## Expanding Map

Let \(S^{n}\) be the set of natural numbers from 1 to n:

\[S^{n} = \{1, 2, 3, ..., n\}\]Let \(T^{n}_{k}\) be the set of subsets of \(S^{n}\) of size k:

\[T^{n}_{k} = \{X \in \mathcal{P}(S^{n}) \mid |X| = k\}\\\]Since \(|T^{1000}_{400}| = \binom{1000}{400} \lt \binom{1000}{401} = |T^{1000}_{401}|\) , there exists a function \(f: T^{1000}_{400} \rightarrow T^{1000}_{401}\) that is an injection (i.e. one-to-one). Write a function, e.g. in C or Python, that implements the injection above (the input is represented by a boolean vector of length 1000). Your function should optimize for shortest code length as well as shortest runtime.

Thanks Asaf Aharoni for this super cool puzzle!

## Spoiler Alert - Solution Ahead!

We will solve a slightly more general problem. For any *n*, *k* and *j*, we will define \(S^{n}\), \(T^{n}_{k}\), and \(T^{n}_{j}\) like above. We will code a general function \(f: T^{n}_{k} \rightarrow T^{n}_{j}\) that will work for any *n*, *k* and *j* such that
\(\binom{n}{k} \lt \binom{n}{j}\).

Let \(x \in T^{n}_{k}\) be represented as above (a boolean vector of length *n*). *x* has *k* bits that are on.
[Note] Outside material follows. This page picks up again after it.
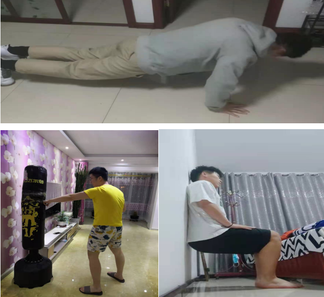 我们在居家锻炼,首先感到非常的兴奋,居家锻炼会对我们进行强心健体,虽然平时的非常缺乏有氧运动,但是做这些如俯卧撑,拳击,哑铃等,无氧训练还是得心应手,我们小组四人依旧快乐着。我们小组人员分工明确,没个人每天都进行自我锻炼。首先,我们四个人每天都进行不同的运动方式,刺激下肢,上肢肌肉能让我们有很强壮健康的身体。

The function *f* will just flip a prefix of bits in *x* until there are exactly *j* bits that are on. Let *b = j - k*:

```
def f(x, b):
i = 0
while b != 0:
b += [-1, 1][x[i]]
x[i] = 1 - x[i]
i += 1
```

This function has several nice properties: it is obviously short and runs in linear time in the worst case. Actually, with the numbers above (1000, 400, and 401) if the inputs are random elements of \(T^{1000}_{400}\) then it will touch on average only the first 5 elements of *x*.

Also the decoder function (i.e. the inverse function from the image of *f*) is exactly the same function (with *b = k - j*, instead of *b = j - k*).

A last nice property of this function, is that even in cases where \(\binom{n}{k} \gt \binom{n}{j}\) (i.e. we can’t construct an injection) the function will work on a subset of the inputs (e.g. *x = 111…111000…000*), and in these cases will be properly reversible. On other inputs (e.g. *x = 000…000111…111*) it will be able to tell you that it can’t encode that input properly.